What’s the most powerful artificial intelligence model at any given moment? Check the leaderboards.

Community-built rankings of AI models posted publicly online have surged in popularity in recent months, offering a real-time look at the ongoing battle among major tech companies for AI supremacy.

The number of leaderboards has surged in recent months. Each tracks which AI models are the most advanced based on their ability to complete certain tasks. An AI model at its root is the set of mathematical equations wrapped in code designed to accomplish a particular goal.

Some newer entrants, such as Google’s Gemini (formerly Bard) and Mistral-Medium from the Paris-based startup Mistral AI, have stirred excitement in the AI community and jockeyed for spots near the top of the rankings.

OpenAI’s GPT-4, however, continues to dominate.

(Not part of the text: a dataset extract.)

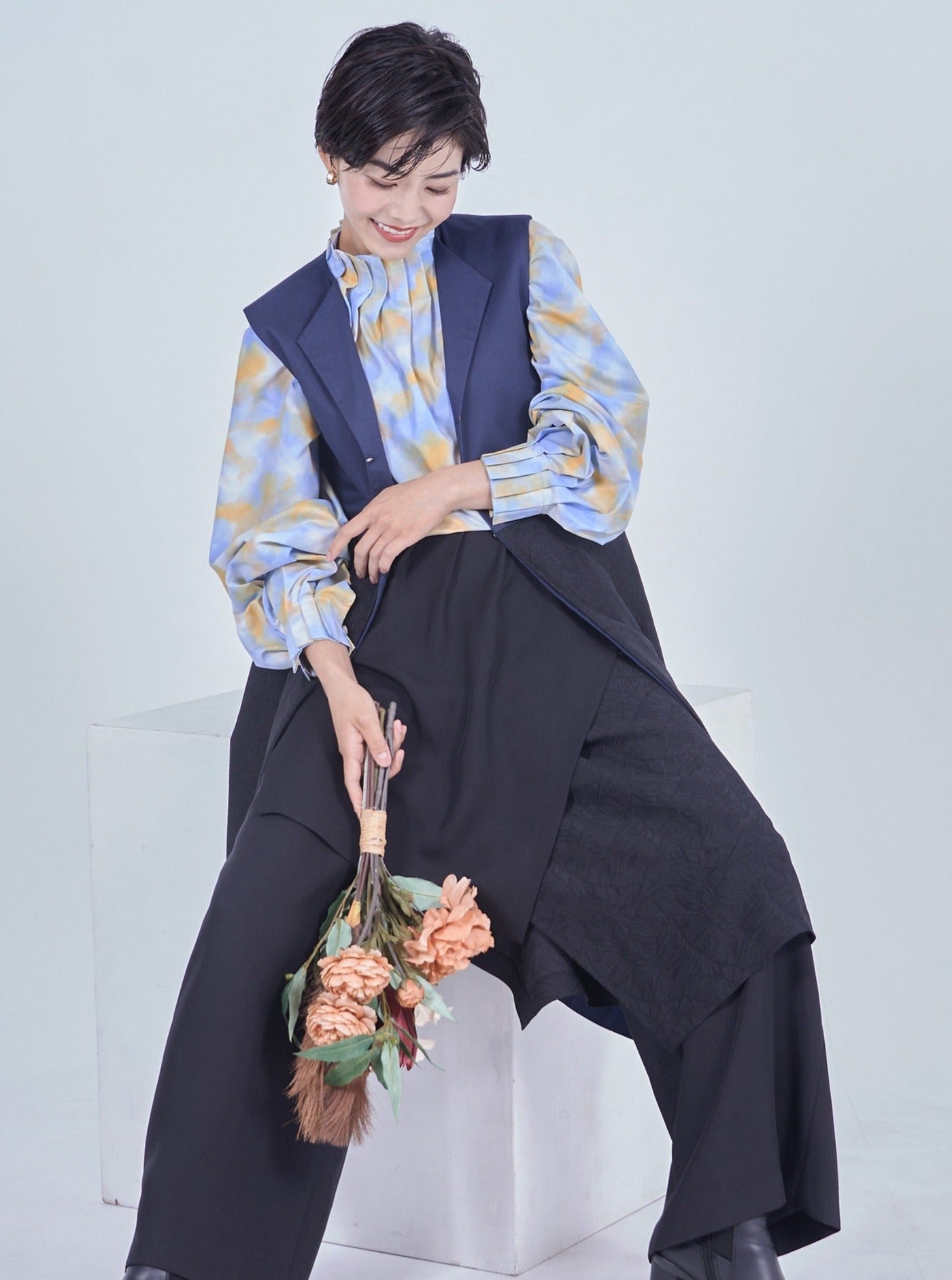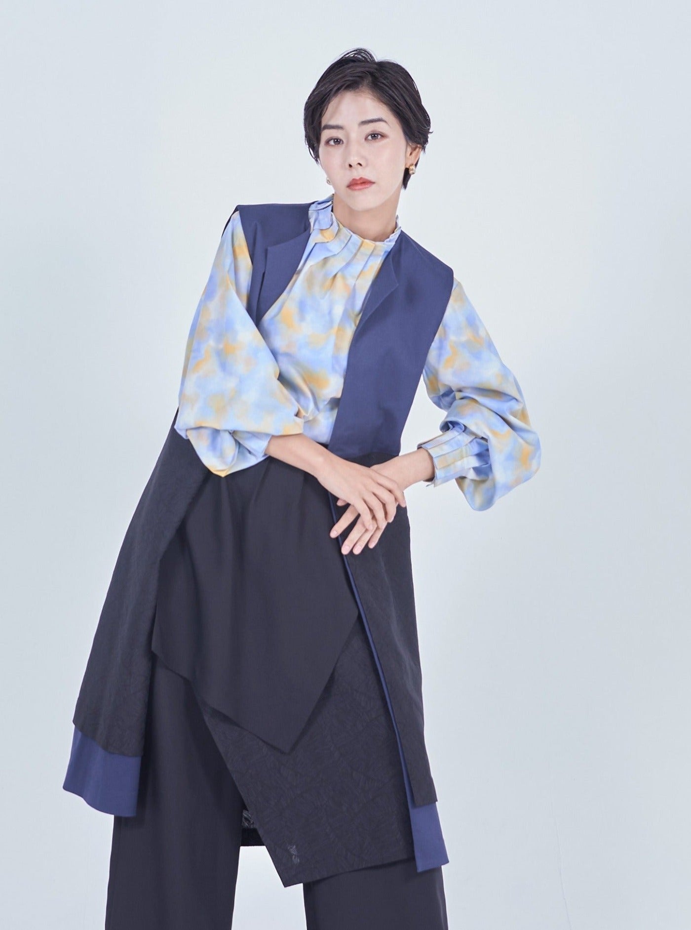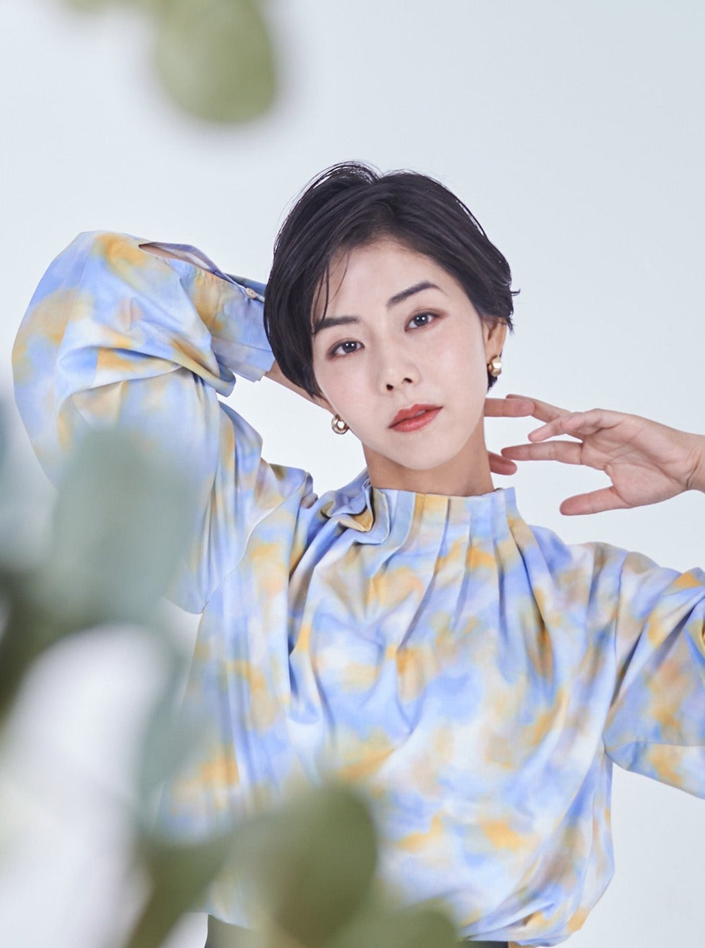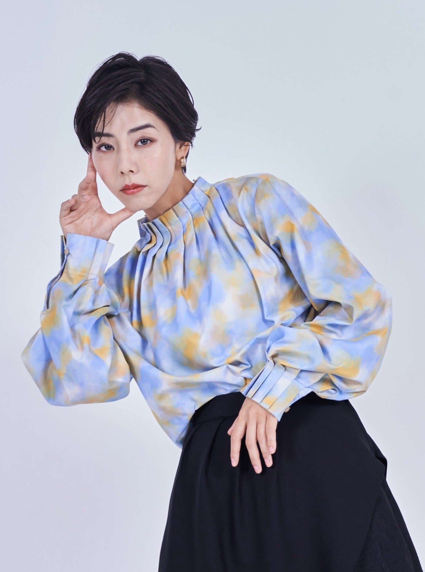 襟・袖の細かなでタックでさりげなく華やかに魅せるプリントブラウス。

“People care about the state of the art,” said Ying Sheng, a co-creator of one such leaderboard, Chatbot Arena, and a doctoral student in computer science at Stanford University. “I think people actually would more like to see that the leaderboards are changing. That means the game is still there and there are still more improvements to be made.”

The rankings are based on tests that determine what AI models are generally capable of, as well as which model might be most competent for a specific use, like speech recognition. The tests, also sometimes called benchmarks, measure AI performance on such metrics as how human AI audio sounds or how human an AI chatbot response appears.

The evolution of such tests is also important as AI continues to advance.

“The benchmarks aren’t perfect, but as of right now, that’s kind of the only way we have to evaluate the system,” said Vanessa Parli, the director of research at Stanford’s Institute of Human-Centered Artificial Intelligence.

The institute produces Stanford’s AI Index, an annual report that tracks the technical performance of AI models across various metrics over time. Last year’s report looked at 50 benchmarks but included only 20, Parli said, and this year’s will again shave off some older benchmarks to highlight newer, more comprehensive ones.

The leaderboards also offer a glimpse at just how many models are in development. The Open LLM (large language model) Leaderboard built by Hugging Face, an open-source machine learning platform, had evaluated and ranked more than 4,200 models as of early February, all submitted by its community members.

The models are tracked on seven key benchmarks that aim to assess a variety of capabilities, such as reading comprehension and mathematical problem-solving. The evaluations include quizzing the models on grade-school math and science questions, testing their commonsense reasoning and measuring their propensity to repeat misinformation. Some tests offer multiple-choice answers, while others ask models to generate their own answers based on prompts.